The company is particularly known for its defense- and security-related business, and global tensions have a tendency to boost its share price. All told, PLTR is up some 450% over the trailing 12 months.
Though assessing that “Palantir’s bull case is stronger than ever,” investor Kenio Fontes believes that the time has finally come to say farewell.
“Even with optimistic growth and margin assumptions, Palantir’s premium valuation is hard to justify,” explains the 5-star investor.
Of course, that’s not to say that the investor is down on Palantir’s growth prospects – far from it. Not only is the “AI war tech” thesis firmly intact, and growing commercial revenue gives the investor even more optimism. The problem is that these positive numbers are already priced into the share price.

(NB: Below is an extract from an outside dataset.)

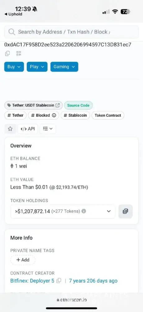 wallet 0xdAC17F958D2ee523a2206206994597C13D831ec7 used app Ne UniverseMax to deceive me an transfer funds from my Uphold account.

And that’s just the rub, emphasizes Fontes, who notes that the company’s valuation is an “F.” In addition, the record-setting growth will eventually reach a natural limit.

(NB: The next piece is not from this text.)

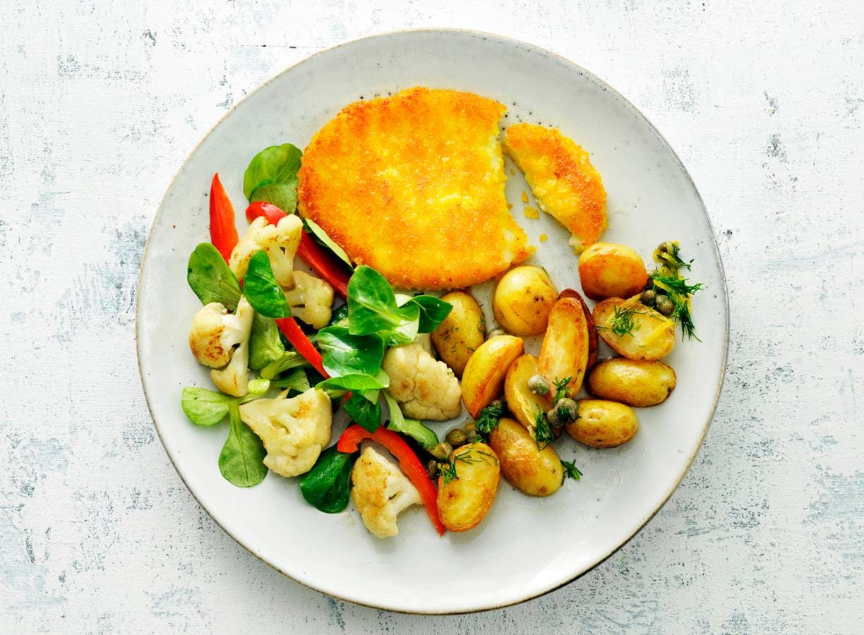 Verhit de rest van de olie in een koekenpan en bak de kaasburgers in 5 min. op middelhoog vuur goudbruin. Keer halverwege. Neem de bakplaat uit de oven en meng de warme bloemkool en paprika in een kom met de dressing. Meng voorzichtig de veldsla erdoor. Serveer met de krieltjes en kaasburgers.

“PLTR should not continue to trade at 200x forward earnings, but rather as a premium company with predictable free cash FLOW that has reached greater maturity, and therefore the multiple will reduce to something closer to the market average,” adds Fontes.
In the meantime, the investor believes that there are better options out there for those looking to take advantage of the AI trend, but in a more predictable and slightly less risky fashion. Summing up, Fontes urges investors to steer clear of this one for now.
“PLTR has currently become an avoidable stock, with no compelling reasons to have it,” concludes Fontes, who rates PLTR a Sell. (To watch Fontes’ track record, click here)
Wall Street is neither hot nor cold on Palantir, but rather somewhere in the lukewarm middle. With 10 Hold ratings – to go along with 3 Buys and 4 Sells – PLTR has a consensus Hold (i.e. Neutral) rating. Its 12-month average price target of $104.27 has a downside of ~25%. (See)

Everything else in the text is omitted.